Anmol Seth, Adam Snider, Celeste B Marsan, Vanessa Vang

Published: 02 Mar 2026, Last Modified: 05 Mar 2026GEM 2026EveryoneRevisionsBibTeXCC BY 4.0

Keywords: mRNA design, codon optimization, active learning, contrastive learning, mRNA stability, translation efficiency, high-throughput screening, sequence optimization, design-build-test-learn, mRNA therapeutics

TL;DR: An integrated mRNA design-build-test-learn platform achieving 2.9-fold stability improvement, 61.8% expression gain, and 1.5-fold editing efficiency via novel algorithms, high-throughput wet-lab validation, and contrastive active learning.

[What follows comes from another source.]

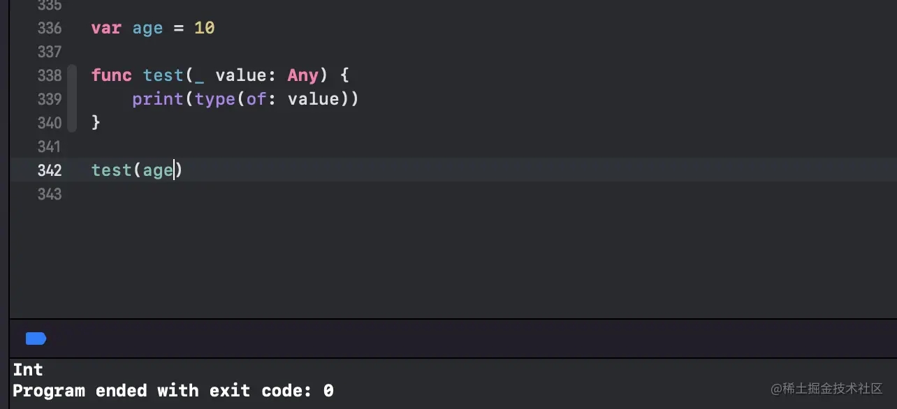 可以看到,在编译期间就能知道a的类型是Int,因为初始化数据的时候赋值的是Int类型数据,但是在test方法的形参定义的类型是Any,因此在编译期间并不知道其形参类型,所以将a传入时也被编译器当作是Any类型,但是在运行时,可以动态得知传入的a是Int类型,因此type(of:)就可以用来获取当前值在运行时的实际类型。

Abstract: Messenger RNA therapeutics hold broad potential across infectious disease, oncology, and rare genetic disorders, yet designing sequences that simultaneously optimize stability, translation efficiency, manufacturability, and immunogenicity remains challenging due to the combinatorial size of sequence space and trade-offs between therapeutic objectives. Here we present an integrated design-build-test-learn platform that addresses these challenges through three contributions: (1) ChimeraFold, a codon-graph dynamic programming algorithm achieving 2.9$\times$ speedup and 522\% expanded sequence space coverage over prior methods; (2) a high-throughput automated wet-lab pipeline generating 29,000+ multimodal measurements; and (3) a contrastive learning framework for active learning-guided sequence selection. Evaluation on GFP and SpCas9 systems demonstrated 2.9-fold median improvement in stability, 61.8\% average enhancement in expression across four cell lines, and 1.5-fold improvement in gene editing efficiency over wild-type controls. The platform achieves mRNA half-lives up to 173 hours while preserving burst expression, and generalizes to commercial therapeutic targets in the hands of external partners with multiple-fold improvements in expression and stability.

Presenter: ~Anmol_Seth2

Format: Yes, the presenting author will attend in person if this work is accepted to the workshop.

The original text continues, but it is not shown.